The boredom that comes from the plot of Time of the Apes
is only made slightly more tolerable by the ridiculousness of both the dubbing, and the characters that are created by the poor American adoption process. Sometimes it is the little things that make an unenjoyable movie like this a more tolerable experience. The characters all having English names is a part of this process, and leads to multiple laughs throughout. The odd reactions and dialogue choices from the English translation are a huge part of this film’s unintentional hilarity, and the MST3K
crew regularly have fun with this throughout the duration of the movie. One of my favorite reoccurring jokes throughout comes when young Johnny is told by his mother that he should be careful at the laboratory that they plan to visit. Johnny’s very simple, and utterly bizarre, reply is “I don’t care!” Afterward, he simply runs off. Joel and the bots apparently loved this reply as well, because they hang onto it throughout the entire movie and continually use it as riffing material whenever little Johnny says almost anything.
What would MST3K
be without their running jokes? A whole lot less entertaining, I suppose. Thankfully, Time of the Apes
solidifies itself as a memorable episode when Joel and company find several reoccurring gags to reference throughout the movie. The “I don’t care” line is but one of many that pops up throughout the movie. With walking and talking apes being a large part of the movie, it only seemed inevitable that there would be some “flinging poop” jokes made. The MST3K
crew take this concept into warp speed though and deliver numerous fecal matter related jokes during the movie.
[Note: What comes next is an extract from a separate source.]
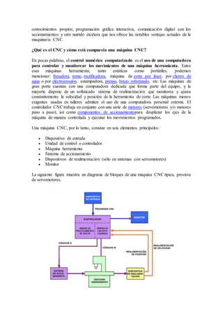 El documento explica la historia y el funcionamiento de las máquinas controladas numéricamente (CNC). Las máquinas CNC se utilizan ampliamente en la industria para automatizar procesos de fabricación como mecanizado. Consisten en un controlador, motores, un sistema de realimentación y una interfaz de usuario. El controlador ejecuta programas que controlan los movimientos precisos de las herramientas de corte a lo largo de los ejes coordinados de la máquina. Arduino puede usarse para crear máquinas CNC caseras controlando motores paso a

Other running gags focus on the special FX, which are even worse than the original Planet of the Apes
movies in regards to lacking chin movement when characters speak. The crew also have a good time generally poking fun at distributor Sandy Frank. In fact, the guys even come up with a Sandy Frank theme song, which would go well when compiled with their Gamera
and Master Ninja
theme songs. When the guys turn up writing music, you know you are in for a fairly entertaining episode.
While not the best episode of the era, Time of the Apes
is definitely a solid piece of entertainment. A funny and entirely memorable episode of MST3K
that is built around a fairly tedious Japanese ape movie. Definitely give it a look. It is available on the Shout Factory! Mystery Science Theater 3000: Volume 22
box set and is yet another fine inclusion into their vast MST3K
library. I give the movie a solid 4 out of five. Had the movie been slightly more bizarre, this would have been a all-time classic.